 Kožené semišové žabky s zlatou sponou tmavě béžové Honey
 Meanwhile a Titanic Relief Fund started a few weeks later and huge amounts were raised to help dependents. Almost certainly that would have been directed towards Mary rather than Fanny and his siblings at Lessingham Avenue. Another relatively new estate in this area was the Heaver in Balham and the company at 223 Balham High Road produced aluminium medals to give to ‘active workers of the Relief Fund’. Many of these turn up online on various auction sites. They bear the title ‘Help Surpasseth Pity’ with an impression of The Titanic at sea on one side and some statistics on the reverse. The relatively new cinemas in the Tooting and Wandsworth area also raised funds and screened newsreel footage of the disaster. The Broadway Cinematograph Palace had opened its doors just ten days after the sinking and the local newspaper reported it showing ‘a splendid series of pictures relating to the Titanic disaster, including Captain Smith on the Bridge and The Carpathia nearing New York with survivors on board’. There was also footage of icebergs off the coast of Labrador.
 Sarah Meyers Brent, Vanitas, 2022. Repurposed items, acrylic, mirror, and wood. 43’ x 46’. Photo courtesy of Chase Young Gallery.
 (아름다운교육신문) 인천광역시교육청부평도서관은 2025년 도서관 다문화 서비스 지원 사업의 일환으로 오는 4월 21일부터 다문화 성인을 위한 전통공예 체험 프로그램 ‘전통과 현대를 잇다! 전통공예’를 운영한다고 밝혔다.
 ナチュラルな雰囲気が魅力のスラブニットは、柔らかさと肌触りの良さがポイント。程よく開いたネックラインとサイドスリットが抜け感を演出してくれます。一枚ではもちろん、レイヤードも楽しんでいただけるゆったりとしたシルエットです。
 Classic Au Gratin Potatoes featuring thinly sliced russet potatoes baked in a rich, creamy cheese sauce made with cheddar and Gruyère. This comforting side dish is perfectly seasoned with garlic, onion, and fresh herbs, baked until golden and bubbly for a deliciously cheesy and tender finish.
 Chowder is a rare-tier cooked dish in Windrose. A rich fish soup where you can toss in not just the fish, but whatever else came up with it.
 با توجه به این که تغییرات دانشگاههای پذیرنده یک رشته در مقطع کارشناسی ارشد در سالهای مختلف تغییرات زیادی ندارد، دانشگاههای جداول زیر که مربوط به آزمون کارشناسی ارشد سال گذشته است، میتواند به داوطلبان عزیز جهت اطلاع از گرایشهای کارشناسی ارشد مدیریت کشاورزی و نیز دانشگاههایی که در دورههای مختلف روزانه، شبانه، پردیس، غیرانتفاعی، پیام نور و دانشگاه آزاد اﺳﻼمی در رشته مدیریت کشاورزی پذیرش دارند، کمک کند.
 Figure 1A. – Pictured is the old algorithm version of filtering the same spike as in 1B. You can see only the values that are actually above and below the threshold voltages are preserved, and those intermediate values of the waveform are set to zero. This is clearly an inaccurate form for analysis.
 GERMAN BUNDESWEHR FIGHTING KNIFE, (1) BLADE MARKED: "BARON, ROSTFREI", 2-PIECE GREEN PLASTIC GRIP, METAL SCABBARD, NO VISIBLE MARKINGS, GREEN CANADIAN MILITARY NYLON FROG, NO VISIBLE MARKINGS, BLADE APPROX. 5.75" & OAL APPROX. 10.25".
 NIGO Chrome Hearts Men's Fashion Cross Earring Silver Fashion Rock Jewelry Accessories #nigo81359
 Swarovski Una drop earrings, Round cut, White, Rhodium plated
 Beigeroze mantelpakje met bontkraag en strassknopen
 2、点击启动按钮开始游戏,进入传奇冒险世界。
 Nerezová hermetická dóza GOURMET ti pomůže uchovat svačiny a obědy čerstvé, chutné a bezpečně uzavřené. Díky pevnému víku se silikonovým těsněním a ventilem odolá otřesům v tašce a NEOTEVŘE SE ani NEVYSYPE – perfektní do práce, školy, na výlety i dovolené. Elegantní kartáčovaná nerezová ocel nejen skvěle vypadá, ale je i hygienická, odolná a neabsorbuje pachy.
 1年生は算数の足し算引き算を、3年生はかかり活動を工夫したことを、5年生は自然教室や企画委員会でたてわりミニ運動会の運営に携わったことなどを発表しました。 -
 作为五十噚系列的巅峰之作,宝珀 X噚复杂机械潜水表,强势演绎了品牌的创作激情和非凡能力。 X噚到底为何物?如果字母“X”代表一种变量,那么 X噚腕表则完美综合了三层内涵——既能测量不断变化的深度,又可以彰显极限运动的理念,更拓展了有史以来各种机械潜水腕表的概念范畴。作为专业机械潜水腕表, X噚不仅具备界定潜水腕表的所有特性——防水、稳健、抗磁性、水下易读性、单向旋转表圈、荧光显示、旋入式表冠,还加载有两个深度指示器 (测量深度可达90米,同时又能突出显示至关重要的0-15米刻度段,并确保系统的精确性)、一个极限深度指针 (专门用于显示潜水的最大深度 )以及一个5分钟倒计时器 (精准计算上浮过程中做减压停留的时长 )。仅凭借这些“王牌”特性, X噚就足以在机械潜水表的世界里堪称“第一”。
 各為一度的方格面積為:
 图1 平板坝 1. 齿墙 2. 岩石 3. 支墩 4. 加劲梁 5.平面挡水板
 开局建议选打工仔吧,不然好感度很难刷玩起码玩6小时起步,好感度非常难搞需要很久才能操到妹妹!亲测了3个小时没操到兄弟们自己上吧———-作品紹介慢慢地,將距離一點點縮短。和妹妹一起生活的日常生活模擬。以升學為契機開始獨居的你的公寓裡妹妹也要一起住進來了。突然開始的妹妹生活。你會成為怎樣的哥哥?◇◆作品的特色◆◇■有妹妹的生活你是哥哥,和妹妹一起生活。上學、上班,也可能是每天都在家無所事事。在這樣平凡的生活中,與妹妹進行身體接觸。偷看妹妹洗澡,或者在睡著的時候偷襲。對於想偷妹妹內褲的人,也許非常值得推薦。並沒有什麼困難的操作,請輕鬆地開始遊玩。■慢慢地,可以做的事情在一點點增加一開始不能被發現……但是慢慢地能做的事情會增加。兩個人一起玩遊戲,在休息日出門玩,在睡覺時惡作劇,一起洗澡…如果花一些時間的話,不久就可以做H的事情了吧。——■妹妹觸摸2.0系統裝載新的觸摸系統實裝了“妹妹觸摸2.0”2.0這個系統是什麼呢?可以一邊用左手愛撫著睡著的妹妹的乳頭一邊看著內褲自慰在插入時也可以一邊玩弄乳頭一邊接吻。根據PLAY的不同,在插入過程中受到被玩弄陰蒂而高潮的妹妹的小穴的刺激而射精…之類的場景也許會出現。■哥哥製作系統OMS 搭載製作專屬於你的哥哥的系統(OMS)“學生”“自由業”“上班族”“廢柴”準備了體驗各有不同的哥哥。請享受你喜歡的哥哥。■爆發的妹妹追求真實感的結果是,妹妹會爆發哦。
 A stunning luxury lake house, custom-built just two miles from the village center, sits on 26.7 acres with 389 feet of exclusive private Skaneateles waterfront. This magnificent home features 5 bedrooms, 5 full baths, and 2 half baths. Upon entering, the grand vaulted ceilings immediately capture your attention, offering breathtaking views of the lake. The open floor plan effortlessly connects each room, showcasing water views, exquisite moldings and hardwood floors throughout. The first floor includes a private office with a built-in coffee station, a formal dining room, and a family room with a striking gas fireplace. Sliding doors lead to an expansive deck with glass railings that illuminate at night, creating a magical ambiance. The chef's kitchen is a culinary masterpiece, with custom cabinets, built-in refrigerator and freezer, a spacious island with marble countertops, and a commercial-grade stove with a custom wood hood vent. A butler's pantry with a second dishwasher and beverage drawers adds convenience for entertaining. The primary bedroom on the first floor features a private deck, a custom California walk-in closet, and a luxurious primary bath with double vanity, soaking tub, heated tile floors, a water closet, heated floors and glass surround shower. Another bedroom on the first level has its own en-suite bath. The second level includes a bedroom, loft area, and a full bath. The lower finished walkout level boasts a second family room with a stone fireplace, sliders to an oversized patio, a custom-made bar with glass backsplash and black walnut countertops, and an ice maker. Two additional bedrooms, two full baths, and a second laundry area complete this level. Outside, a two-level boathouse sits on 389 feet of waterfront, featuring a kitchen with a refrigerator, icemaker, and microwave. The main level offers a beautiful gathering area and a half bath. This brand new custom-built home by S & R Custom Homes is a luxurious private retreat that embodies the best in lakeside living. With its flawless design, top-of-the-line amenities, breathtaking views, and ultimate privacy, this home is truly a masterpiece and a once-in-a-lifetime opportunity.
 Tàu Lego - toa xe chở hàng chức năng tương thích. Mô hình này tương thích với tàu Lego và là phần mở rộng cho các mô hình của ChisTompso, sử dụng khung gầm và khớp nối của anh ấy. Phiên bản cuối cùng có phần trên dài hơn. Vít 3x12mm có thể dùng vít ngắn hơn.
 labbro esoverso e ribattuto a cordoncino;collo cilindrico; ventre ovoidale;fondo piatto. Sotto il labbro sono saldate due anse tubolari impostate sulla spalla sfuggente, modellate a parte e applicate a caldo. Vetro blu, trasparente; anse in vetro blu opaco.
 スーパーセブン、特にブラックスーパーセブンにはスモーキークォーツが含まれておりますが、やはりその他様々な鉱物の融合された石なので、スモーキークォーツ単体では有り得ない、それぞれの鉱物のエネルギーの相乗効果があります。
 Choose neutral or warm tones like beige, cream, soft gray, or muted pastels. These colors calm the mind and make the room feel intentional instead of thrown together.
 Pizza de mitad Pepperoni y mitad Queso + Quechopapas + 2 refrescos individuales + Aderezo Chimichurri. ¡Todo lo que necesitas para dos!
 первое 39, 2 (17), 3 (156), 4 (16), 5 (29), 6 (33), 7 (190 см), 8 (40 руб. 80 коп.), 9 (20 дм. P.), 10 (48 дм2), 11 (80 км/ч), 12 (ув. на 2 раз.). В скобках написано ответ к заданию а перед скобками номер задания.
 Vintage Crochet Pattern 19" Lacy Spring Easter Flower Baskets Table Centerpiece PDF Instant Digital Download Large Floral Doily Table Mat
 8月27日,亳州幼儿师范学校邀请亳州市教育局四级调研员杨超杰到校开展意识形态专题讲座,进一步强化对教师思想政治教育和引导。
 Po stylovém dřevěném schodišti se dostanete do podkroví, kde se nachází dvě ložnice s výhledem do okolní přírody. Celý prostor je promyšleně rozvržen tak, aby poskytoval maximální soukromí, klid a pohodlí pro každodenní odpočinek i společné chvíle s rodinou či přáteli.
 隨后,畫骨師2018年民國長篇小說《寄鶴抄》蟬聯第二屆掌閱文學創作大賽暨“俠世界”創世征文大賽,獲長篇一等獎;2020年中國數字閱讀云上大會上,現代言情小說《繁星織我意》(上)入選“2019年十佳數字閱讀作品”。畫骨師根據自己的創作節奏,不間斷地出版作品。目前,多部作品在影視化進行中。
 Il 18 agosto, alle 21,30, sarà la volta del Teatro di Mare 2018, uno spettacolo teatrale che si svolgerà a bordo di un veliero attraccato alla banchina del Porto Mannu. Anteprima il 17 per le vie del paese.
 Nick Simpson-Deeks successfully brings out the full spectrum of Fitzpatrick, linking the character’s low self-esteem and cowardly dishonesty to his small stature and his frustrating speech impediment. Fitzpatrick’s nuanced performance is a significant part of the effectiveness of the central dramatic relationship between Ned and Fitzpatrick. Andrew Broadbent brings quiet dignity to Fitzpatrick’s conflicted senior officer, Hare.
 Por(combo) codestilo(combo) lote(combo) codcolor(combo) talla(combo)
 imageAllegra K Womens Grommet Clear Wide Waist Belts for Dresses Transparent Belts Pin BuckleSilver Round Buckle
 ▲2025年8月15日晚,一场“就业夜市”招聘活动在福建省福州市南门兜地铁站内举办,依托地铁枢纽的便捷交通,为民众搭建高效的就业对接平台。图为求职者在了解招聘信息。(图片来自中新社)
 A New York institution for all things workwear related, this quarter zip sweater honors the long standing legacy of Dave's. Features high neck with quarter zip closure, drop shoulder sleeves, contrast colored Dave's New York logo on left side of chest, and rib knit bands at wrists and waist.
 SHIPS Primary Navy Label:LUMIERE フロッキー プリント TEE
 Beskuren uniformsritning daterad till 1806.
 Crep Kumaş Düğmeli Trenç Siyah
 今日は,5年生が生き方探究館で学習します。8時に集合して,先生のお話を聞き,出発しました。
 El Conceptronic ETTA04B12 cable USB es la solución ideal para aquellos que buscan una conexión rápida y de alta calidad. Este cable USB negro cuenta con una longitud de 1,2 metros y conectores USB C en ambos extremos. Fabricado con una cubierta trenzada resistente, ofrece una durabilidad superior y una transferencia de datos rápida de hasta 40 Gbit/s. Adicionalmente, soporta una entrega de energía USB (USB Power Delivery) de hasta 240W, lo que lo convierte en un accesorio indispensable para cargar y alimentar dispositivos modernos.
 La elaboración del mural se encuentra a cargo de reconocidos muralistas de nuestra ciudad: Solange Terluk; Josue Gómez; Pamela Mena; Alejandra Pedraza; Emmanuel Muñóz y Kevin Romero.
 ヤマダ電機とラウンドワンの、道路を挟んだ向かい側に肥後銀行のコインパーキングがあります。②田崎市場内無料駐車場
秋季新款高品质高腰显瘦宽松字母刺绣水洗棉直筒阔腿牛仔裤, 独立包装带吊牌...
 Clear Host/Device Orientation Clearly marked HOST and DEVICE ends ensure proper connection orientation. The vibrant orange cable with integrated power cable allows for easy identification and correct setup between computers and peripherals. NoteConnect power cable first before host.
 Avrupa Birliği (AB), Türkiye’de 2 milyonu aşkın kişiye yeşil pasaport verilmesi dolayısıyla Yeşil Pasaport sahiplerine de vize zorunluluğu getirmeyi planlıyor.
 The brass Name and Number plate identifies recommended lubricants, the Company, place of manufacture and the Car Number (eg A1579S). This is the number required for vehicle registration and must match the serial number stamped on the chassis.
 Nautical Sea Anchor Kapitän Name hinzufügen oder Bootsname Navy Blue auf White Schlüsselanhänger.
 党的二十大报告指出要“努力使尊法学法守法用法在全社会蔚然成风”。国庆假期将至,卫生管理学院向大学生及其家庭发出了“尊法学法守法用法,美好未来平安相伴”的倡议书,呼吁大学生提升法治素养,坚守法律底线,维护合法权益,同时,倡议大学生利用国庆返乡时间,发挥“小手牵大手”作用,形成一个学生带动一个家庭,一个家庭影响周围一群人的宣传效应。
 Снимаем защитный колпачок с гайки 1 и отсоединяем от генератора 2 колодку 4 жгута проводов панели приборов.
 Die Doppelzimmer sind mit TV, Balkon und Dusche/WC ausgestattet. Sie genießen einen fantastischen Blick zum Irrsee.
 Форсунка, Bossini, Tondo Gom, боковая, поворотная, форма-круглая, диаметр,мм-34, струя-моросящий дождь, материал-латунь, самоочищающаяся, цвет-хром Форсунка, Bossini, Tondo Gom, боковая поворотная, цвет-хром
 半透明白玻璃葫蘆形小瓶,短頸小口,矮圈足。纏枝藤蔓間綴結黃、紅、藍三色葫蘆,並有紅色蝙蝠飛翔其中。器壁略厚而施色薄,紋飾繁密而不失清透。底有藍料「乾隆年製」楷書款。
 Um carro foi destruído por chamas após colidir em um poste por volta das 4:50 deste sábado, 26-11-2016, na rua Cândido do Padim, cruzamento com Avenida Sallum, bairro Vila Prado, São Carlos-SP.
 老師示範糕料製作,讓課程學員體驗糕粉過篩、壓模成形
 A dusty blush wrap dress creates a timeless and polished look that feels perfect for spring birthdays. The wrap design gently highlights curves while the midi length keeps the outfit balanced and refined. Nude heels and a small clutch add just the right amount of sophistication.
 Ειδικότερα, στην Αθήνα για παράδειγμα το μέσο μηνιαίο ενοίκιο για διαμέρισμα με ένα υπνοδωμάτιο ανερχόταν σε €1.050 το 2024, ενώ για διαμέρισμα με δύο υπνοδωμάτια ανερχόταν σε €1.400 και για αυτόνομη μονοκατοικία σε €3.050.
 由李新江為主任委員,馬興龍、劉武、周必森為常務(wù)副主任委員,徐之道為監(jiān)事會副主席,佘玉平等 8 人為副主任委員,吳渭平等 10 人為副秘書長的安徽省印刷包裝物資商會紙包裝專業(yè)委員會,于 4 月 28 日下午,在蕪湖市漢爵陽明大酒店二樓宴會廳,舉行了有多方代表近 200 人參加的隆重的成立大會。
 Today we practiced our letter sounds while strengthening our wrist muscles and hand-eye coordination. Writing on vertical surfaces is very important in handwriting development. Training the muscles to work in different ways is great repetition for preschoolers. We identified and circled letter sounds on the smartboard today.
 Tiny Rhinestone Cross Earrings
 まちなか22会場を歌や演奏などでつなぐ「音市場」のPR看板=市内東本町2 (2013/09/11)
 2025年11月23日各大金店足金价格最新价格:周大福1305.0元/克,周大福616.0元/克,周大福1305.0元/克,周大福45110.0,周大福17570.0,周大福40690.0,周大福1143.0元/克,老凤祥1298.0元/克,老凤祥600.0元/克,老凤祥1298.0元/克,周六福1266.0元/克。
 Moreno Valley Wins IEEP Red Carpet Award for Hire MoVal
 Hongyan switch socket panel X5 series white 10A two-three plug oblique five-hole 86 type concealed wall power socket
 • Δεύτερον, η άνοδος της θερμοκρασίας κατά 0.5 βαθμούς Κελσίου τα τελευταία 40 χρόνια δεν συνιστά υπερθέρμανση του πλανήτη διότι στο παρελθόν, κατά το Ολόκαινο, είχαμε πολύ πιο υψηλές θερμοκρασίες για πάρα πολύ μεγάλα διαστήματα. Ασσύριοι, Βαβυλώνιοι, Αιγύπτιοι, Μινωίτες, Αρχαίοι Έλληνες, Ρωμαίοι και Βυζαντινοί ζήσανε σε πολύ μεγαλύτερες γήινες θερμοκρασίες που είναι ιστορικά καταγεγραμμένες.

======

__YOUR INSTRUCTIONS__: Your reply must contain exactly the lines from the first line of the data through the line holding "Sarah Meyers Brent, Vanitas, 2022.", and nothing more.

__REPLY__:
 Kožené semišové žabky s zlatou sponou tmavě béžové Honey
 Meanwhile a Titanic Relief Fund started a few weeks later and huge amounts were raised to help dependents. Almost certainly that would have been directed towards Mary rather than Fanny and his siblings at Lessingham Avenue. Another relatively new estate in this area was the Heaver in Balham and the company at 223 Balham High Road produced aluminium medals to give to ‘active workers of the Relief Fund’. Many of these turn up online on various auction sites. They bear the title ‘Help Surpasseth Pity’ with an impression of The Titanic at sea on one side and some statistics on the reverse. The relatively new cinemas in the Tooting and Wandsworth area also raised funds and screened newsreel footage of the disaster. The Broadway Cinematograph Palace had opened its doors just ten days after the sinking and the local newspaper reported it showing ‘a splendid series of pictures relating to the Titanic disaster, including Captain Smith on the Bridge and The Carpathia nearing New York with survivors on board’. There was also footage of icebergs off the coast of Labrador.
 Sarah Meyers Brent, Vanitas, 2022. Repurposed items, acrylic, mirror, and wood. 43’ x 46’. Photo courtesy of Chase Young Gallery.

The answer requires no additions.